I think it's easier to follow if you mention what context is first as it's referenced from the other field.

Gozala · 2023-12-18T18:09:09Z

w3-ipni.md

+
+- `Entries` must be the CID of an `EntryChunk` for a subset (or all) of multihashes in the CAR.
+- `ContextID` must be the byte encoded form of the CAR CID.
+- `Metadata` must be the bytes of the inclusion claim.


It's a shame to loose the provenance info as in where the claim was originated from, would be nice to capture the source ipni/offer somewhere.

Also I think it would be nice if ipni/offer had an ipni/add effect that would link to our IPNI advertisements, similar to what we do with filecoin. This would even allow user to notify indexer nodes without waiting on us to do it.

I am also very tempted to be storing advertisements in user space as opposed to our own custom bucket, if they delete it we can then publish delete advertisement.

I like the idea of storing advertisements in user space. That way the user pays to index the advertisements as part of the storage cost. We will need to generate events when a file is deleted to that a removal advertisement can be created.

Can a user opt-out of indexing?

General direction I'm advocating for is that if you upload content to our service it just sits there without been indexed or advertised anywhere. If user wants to make it readable they must issue invocation requesting a location claim to be made for the uploaded content, which will in turn index and advertise.

We will need to generate events when a file is deleted to that a removal advertisement can be created.

Deletes happen on user invocation which can be a trigger to remove an advertisement.

Gozala · 2023-12-18T18:21:36Z

w3-ipni.md

+
+Random validation of a number of blocks allows us to detect invalid indexes and lets us tune how much work we are willing to do per car index.
+
+Full validation of every block is not recommended as it opens us up to performing unbounded work. _We have seen CAR files with millions of tiny blocks._


I worry about the probability of considering index valid while in practice it is not the case. It also might be better to validate that random byte offsets in the CAR are correctly indexed as opposed to validating random blocks.

💡🤯

Could we actually make clients create advertisements signed with their own keypair and just our addresses so that we don't have to verify and simply enable users to publish to IPNI ?

No. This is what we all want, but is not an option for libp2p based protocols where the IPNI Advert signer and the provider PeerID must be the same.

We could explore it for trustless ipfs gateway providers like w3s.link, but, I'd rather explore a solution that works for both first.

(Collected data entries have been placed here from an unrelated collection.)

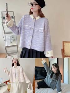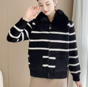 秋冬时尚撞色条纹棒球领拉链开衫毛衣女时尚通勤长袖针织衫外套
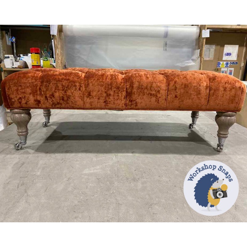 Kinver Deep Buttoned Footstool 102 x 46cm (40 x 18") Crushed Velvet Orange - Self Piped - 7.5ins Castor Washed Oak Leg - 5864
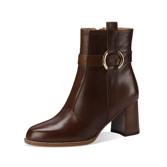 TinaCus Women's Genuine Leather Pointed Toe Chunky Heel Buckle Handmade Side Zip Ankle Boots

Could we actually make clients create advertisements signed with their own keypair and just our addresses

An advertisement has the concept of a provider and a publisher who publishes ads on behalf of the provider. The publisher ID identifies the host from which advertisements are retrieved. The provider ID identifies the host from which content is retrieved. For now, these are both w3s.

IPNI does allow for an advertisement publisher to publish (and sign) ads on behalf of a provider. However, the client is neither the ad publisher nor the content host. This is one of the reasons that the CARv2 index CID is encoded into the ad metadata as an inclusion claim, as that allows the client to effectively sign the advertisement.

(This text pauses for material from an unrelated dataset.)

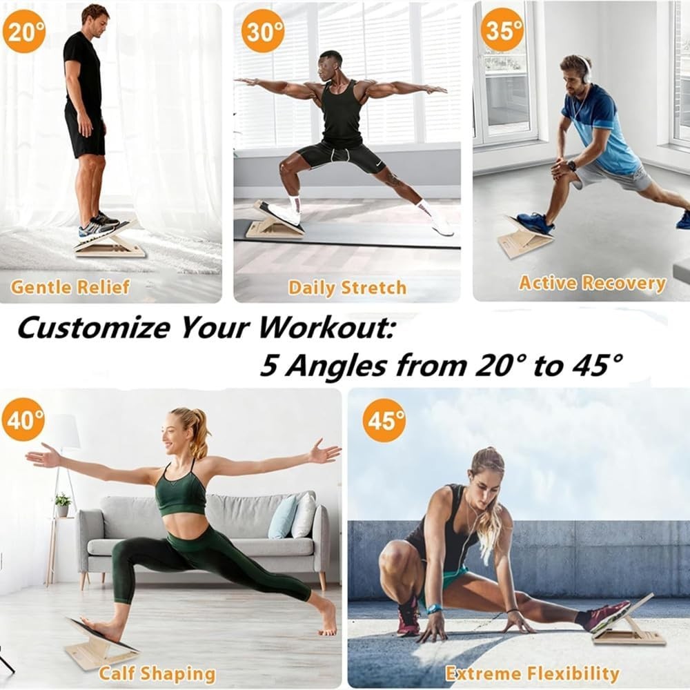 Adjustable Wooden oard for Calf Stretching, Incline Exercise Stretcher for An...

and simply enable users to publish to IPNI

Having users publish the advertisements is not practical as that would require the user to maintain an advertisement chain and serve a network endpoint from which indexers can fetch the advertisements.

When I keep say derive keys from user identifier I imply that we could derive private key on demand and consequently could have those synthetic peer's, but I think I'm getting into the weeds here.

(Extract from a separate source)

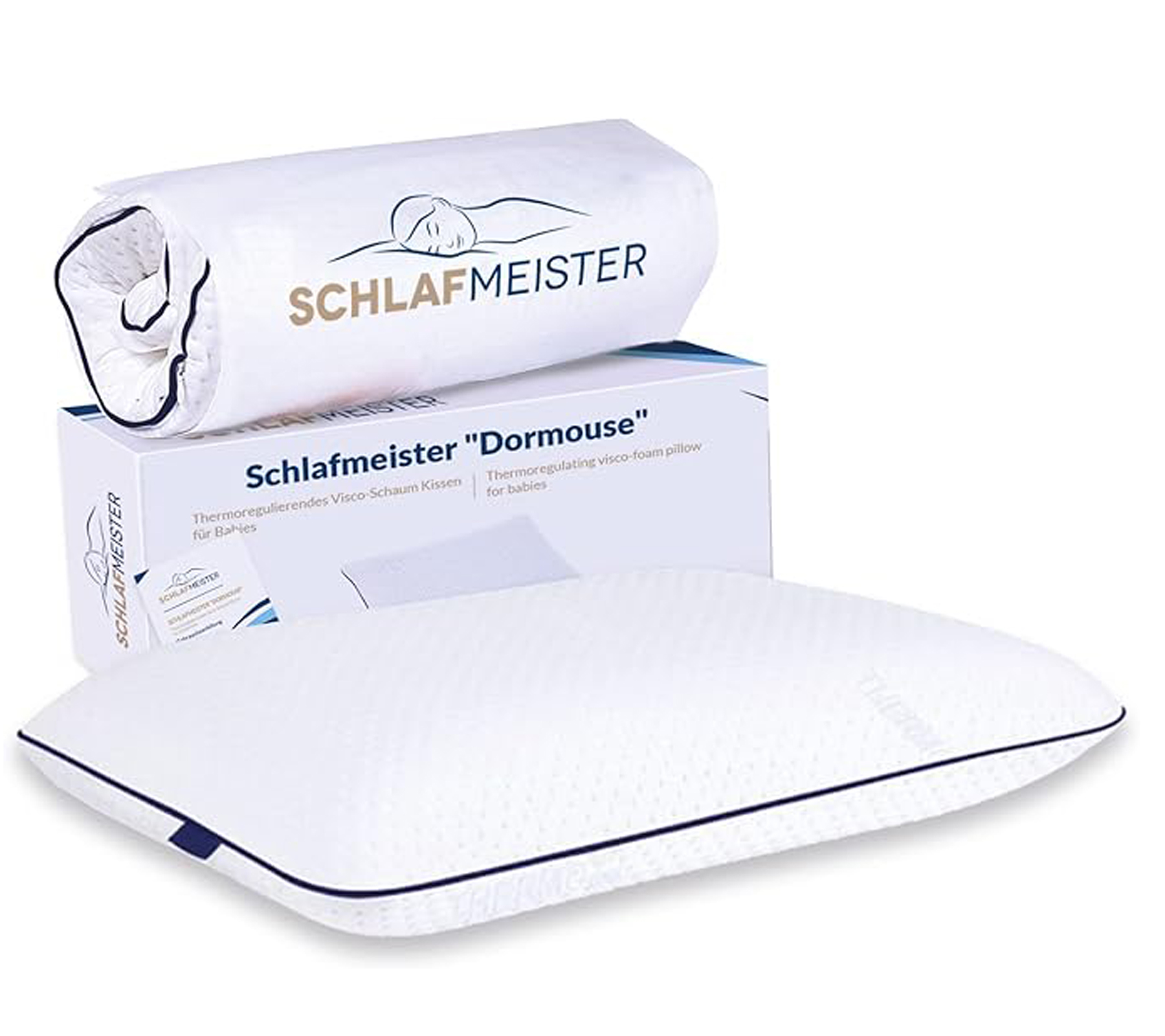 thermoregulierendes SCHLAFMEISTER Dormouse Kleinkinder Kopf-Kissen Visco-Schaum-Kissen OEKO-TEX zertifiziert 45x30x8cm Weiß

My main sentiment is that currently we are incentivized to verify claims made by users otherwise our reputation might take hit. This is not a great, ideally we would allow users to advertise claims and let their reputation suffer if those claims appear invalid.

There are possibly other ways to accomplish this e.g produce synthetic advertisement keys for (user_did, cid) tuples, but unless there is a way to query by (*, cid) it will likely not be very practical.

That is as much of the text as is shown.